**What is expected:** Each line of the records below needs repeating exactly. Skip the pictures.

**Information given:**
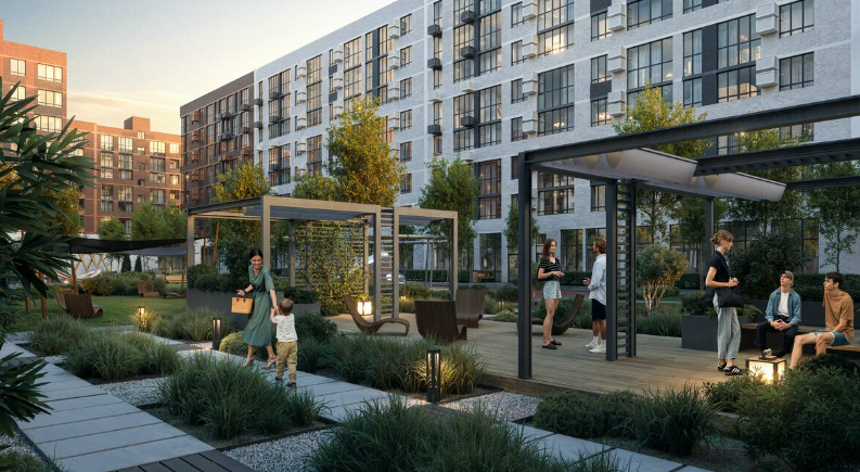 Одной из сильных сторон проекта остаётся организация внутреннего пространства комплекса. Придомовая территория проектируется как единая жилая среда, где учтены интересы жителей разного возраста. Здесь предусмотрены: озеленённые зоны отдыха со скамейками; современные детские площадки с безопасным покрытием; спортивные площадки для активных видов спорта (футбол, баскетбол, теннис);workout-зоны для тренировок на свежем воздухе; отдельные площадки для выгула домашних животных.
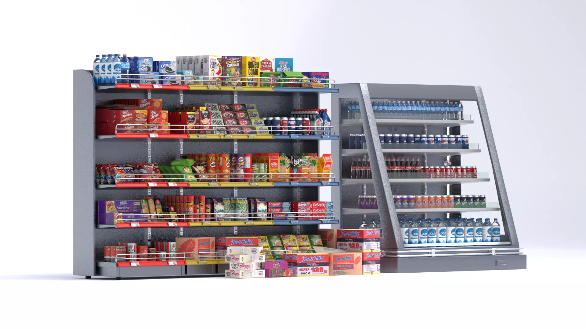 The model has material settings that define how surfaces look (color, shine, transparency, etc.).
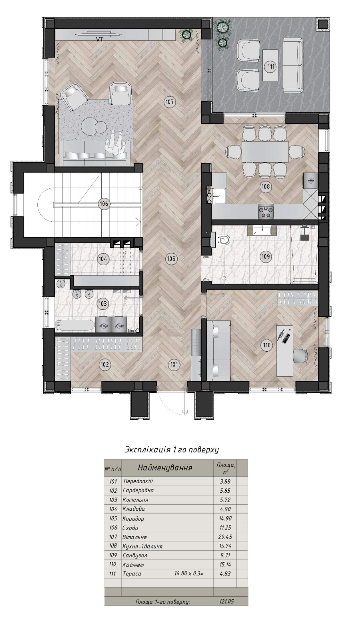 Вікна та вітражі – металопластикові – 6-камерні, мультифункціональні з енергозбереженням взимку та сонцезахистом влітку, в зоні патіо – розсувні системи
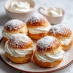 Coconut Cream Buns are soft, pillowy homemade delights filled with luscious whipped coconut cream. These decadent treats combine a fluffy bread bun with a sweet coconut filling, perfect for any occasion.
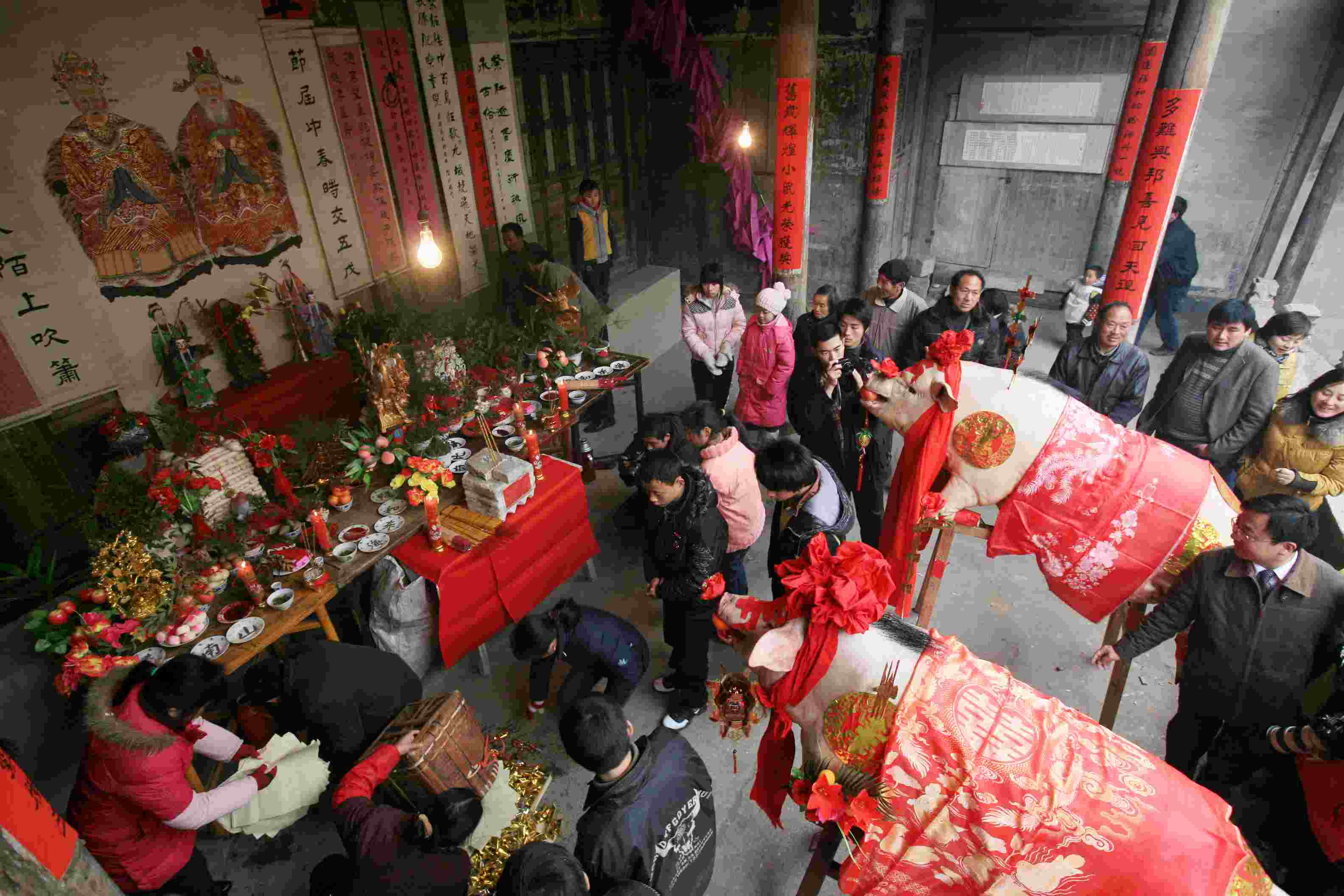 祭祀這一民間信俗于明代初期在績溪縣伏嶺鎮北村始起。舉辦時間為每年的除夕夜凌晨起至大年初一日。該活動頗具徽州文化元素,集中展示了古徽州的民風民俗,是徽州典型且具有代表性的民間信俗活動。 除夕凌晨宰殺三牲貢品,后將三牲打扮完畢,下午將“社豬”、“社羊”、“社雞”及其他貢品送入祠堂,迎接社神(神的牌位)進入祠堂。 “春分”當日上午,恭送社神回廟,同時,分贈“社饅”給20歲以上男子。一般在“春風”日下午舉行隆重的“祭社”儀式。祭社活動按固定的程序,工作程序與規則進行。儀式程序為“序立”、“降神”、“奠帛行初禮”、“鼓樂”、“右食”、“右樂”、“讀祝”、“辭神鞠躬拜”、“化財”、“望燎”、“撤饌”、“禮畢”十二個程序進行。 “春分”第二日,所有三牲貢品及“瓊碗”擱置祠堂一天。次日凌晨時分,四十歲男子將三牲等貢品擺放置“社公廟”,祭拜“社公”。祭祀物品有:社公社母圖像、程氏人物記、牌位等交辦下屆四十值年男子。晚上全村所有36歲男子玩舞板凳龍。祭祀活動在北村興起后,至今延續不斷,得到了很好的保護和傳承。 祭社民俗活動,祈求風調雨順,五谷豐登,人壽年豐,國泰民安,是當地百姓舉辦民間信俗活動的宗旨。 祭社均由北村程氏男丁值年40歲男子擔任,而“擎龍燈”活動由全村所有36歲男子組成,形成全村參與的良好格局。
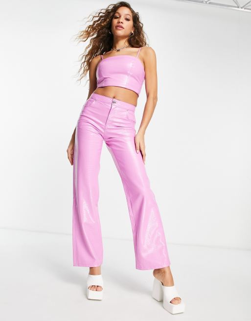 Bershka – Różowe spodnie z prostymi nogawkami, z imitacji skóry krokodyla – część zestawu
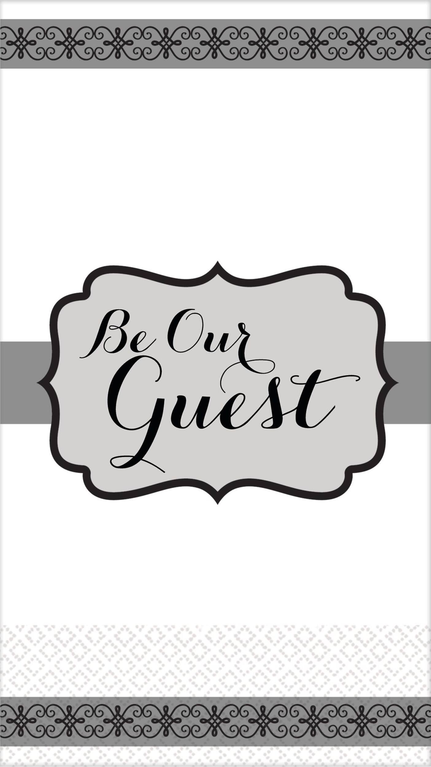 Ces produits similaires présentés ci-dessous pourraient vous intéresser.Essuie-mains d'invité haut de gamme « Be Our Guest », argenté, dotés d'un message « Be our guest » dans un élégant motif de volutes argentées
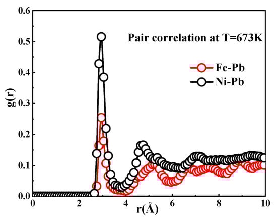 In addition, the corrosion resistance of a material is closely related to the type of element, in addition to the crystal structure. Figure 8 shows the pair distribution functions [] of Fe and Ni atoms in liquid Pb at 673 K, respectively. The curves describe the structuring of the liquid Pb around these atoms. The coordination numbers of Ni are higher than those of Fe, as demonstrated by the integration of the first peaks in the curves. Therefore, it can be inferred that the element Ni is more susceptible to dissolution in Pb than the element Fe. These data demonstrate that the corrosion of materials is the result of a combination of the intrinsic structure of the material and the specific chemical composition of the elements present.
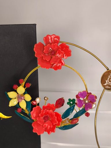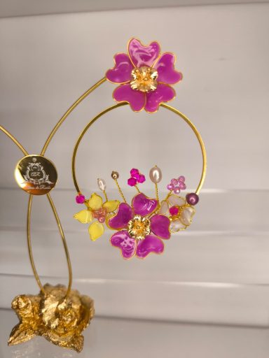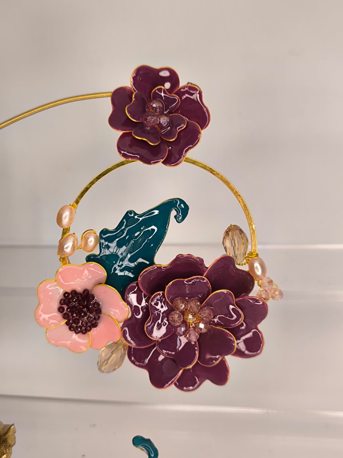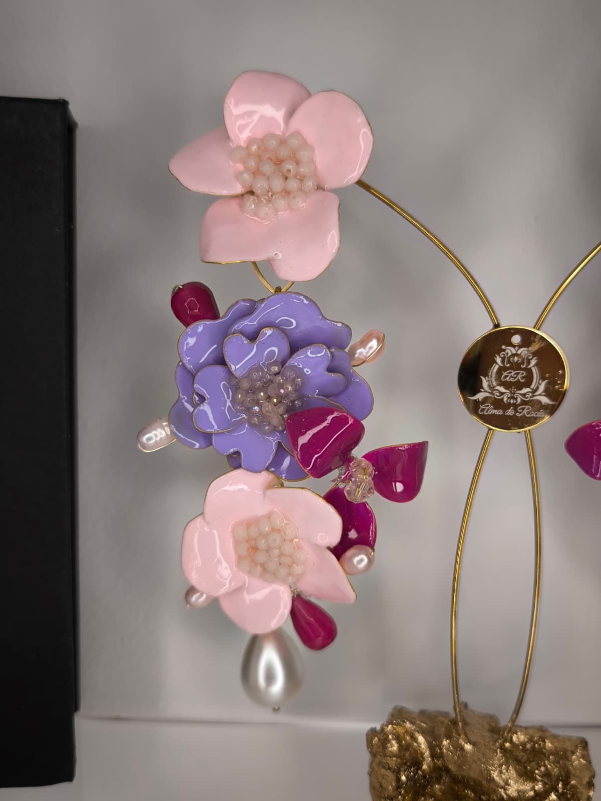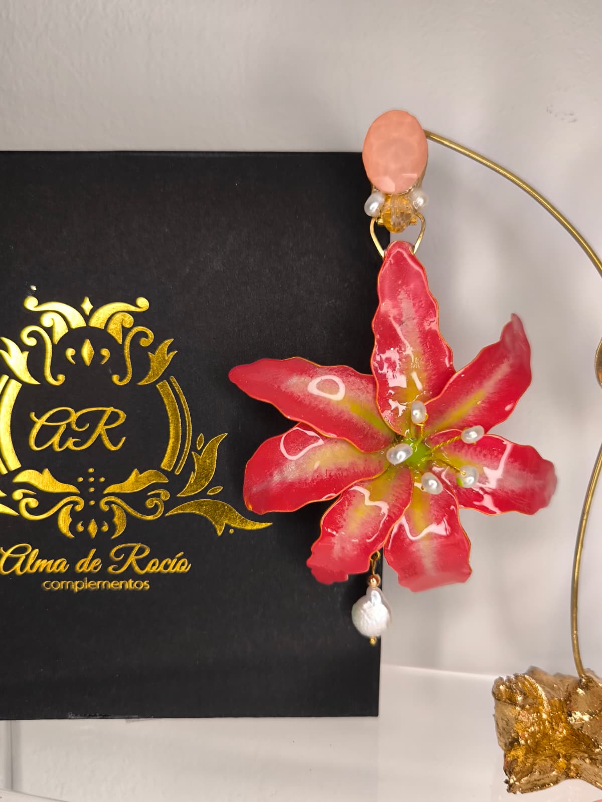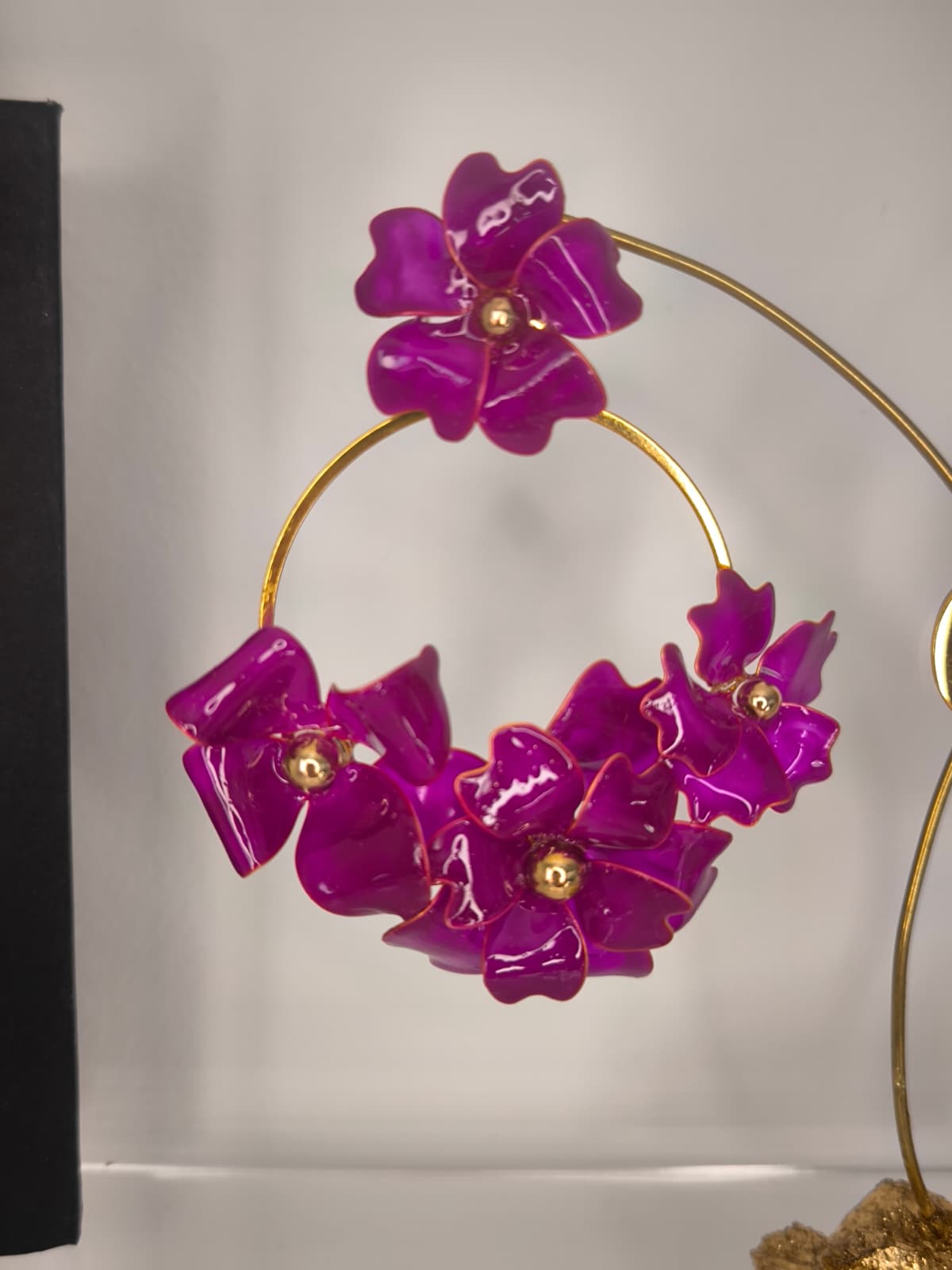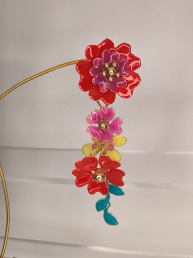 Estos pendientes están diseñados partiendo de un rollo de alambre, dándoles forma a cada pétalo minuciosamente, para posteriormente esmaltarlos de forma delicada para que sean super ligeros y con gran variedad colores vivos que nos evocan a la primavera.

**Problem solution:**
 Одной из сильных сторон проекта остаётся организация внутреннего пространства комплекса. Придомовая территория проектируется как единая жилая среда, где учтены интересы жителей разного возраста. Здесь предусмотрены: озеленённые зоны отдыха со скамейками; современные детские площадки с безопасным покрытием; спортивные площадки для активных видов спорта (футбол, баскетбол, теннис);workout-зоны для тренировок на свежем воздухе; отдельные площадки для выгула домашних животных.
 The model has material settings that define how surfaces look (color, shine, transparency, etc.).
 Вікна та вітражі – металопластикові – 6-камерні, мультифункціональні з енергозбереженням взимку та сонцезахистом влітку, в зоні патіо – розсувні системи
 Coconut Cream Buns are soft, pillowy homemade delights filled with luscious whipped coconut cream. These decadent treats combine a fluffy bread bun with a sweet coconut filling, perfect for any occasion.
 祭祀這一民間信俗于明代初期在績溪縣伏嶺鎮北村始起。舉辦時間為每年的除夕夜凌晨起至大年初一日。該活動頗具徽州文化元素,集中展示了古徽州的民風民俗,是徽州典型且具有代表性的民間信俗活動。 除夕凌晨宰殺三牲貢品,后將三牲打扮完畢,下午將“社豬”、“社羊”、“社雞”及其他貢品送入祠堂,迎接社神(神的牌位)進入祠堂。 “春分”當日上午,恭送社神回廟,同時,分贈“社饅”給20歲以上男子。一般在“春風”日下午舉行隆重的“祭社”儀式。祭社活動按固定的程序,工作程序與規則進行。儀式程序為“序立”、“降神”、“奠帛行初禮”、“鼓樂”、“右食”、“右樂”、“讀祝”、“辭神鞠躬拜”、“化財”、“望燎”、“撤饌”、“禮畢”十二個程序進行。 “春分”第二日,所有三牲貢品及“瓊碗”擱置祠堂一天。次日凌晨時分,四十歲男子將三牲等貢品擺放置“社公廟”,祭拜“社公”。祭祀物品有:社公社母圖像、程氏人物記、牌位等交辦下屆四十值年男子。晚上全村所有36歲男子玩舞板凳龍。祭祀活動在北村興起后,至今延續不斷,得到了很好的保護和傳承。 祭社民俗活動,祈求風調雨順,五谷豐登,人壽年豐,國泰民安,是當地百姓舉辦民間信俗活動的宗旨。 祭社均由北村程氏男丁值年40歲男子擔任,而“擎龍燈”活動由全村所有36歲男子組成,形成全村參與的良好格局。
 Bershka – Różowe spodnie z prostymi nogawkami, z imitacji skóry krokodyla – część zestawu
 Ces produits similaires présentés ci-dessous pourraient vous intéresser.Essuie-mains d'invité haut de gamme « Be Our Guest », argenté, dotés d'un message « Be our guest » dans un élégant motif de volutes argentées
 In addition, the corrosion resistance of a material is closely related to the type of element, in addition to the crystal structure. Figure 8 shows the pair distribution functions [] of Fe and Ni atoms in liquid Pb at 673 K, respectively. The curves describe the structuring of the liquid Pb around these atoms. The coordination numbers of Ni are higher than those of Fe, as demonstrated by the integration of the first peaks in the curves. Therefore, it can be inferred that the element Ni is more susceptible to dissolution in Pb than the element Fe. These data demonstrate that the corrosion of materials is the result of a combination of the intrinsic structure of the material and the specific chemical composition of the elements present.
 Estos pendientes están diseñados partiendo de un rollo de alambre, dándoles forma a cada pétalo minuciosamente, para posteriormente esmaltarlos de forma delicada para que sean super ligeros y con gran variedad colores vivos que nos evocan a la primavera.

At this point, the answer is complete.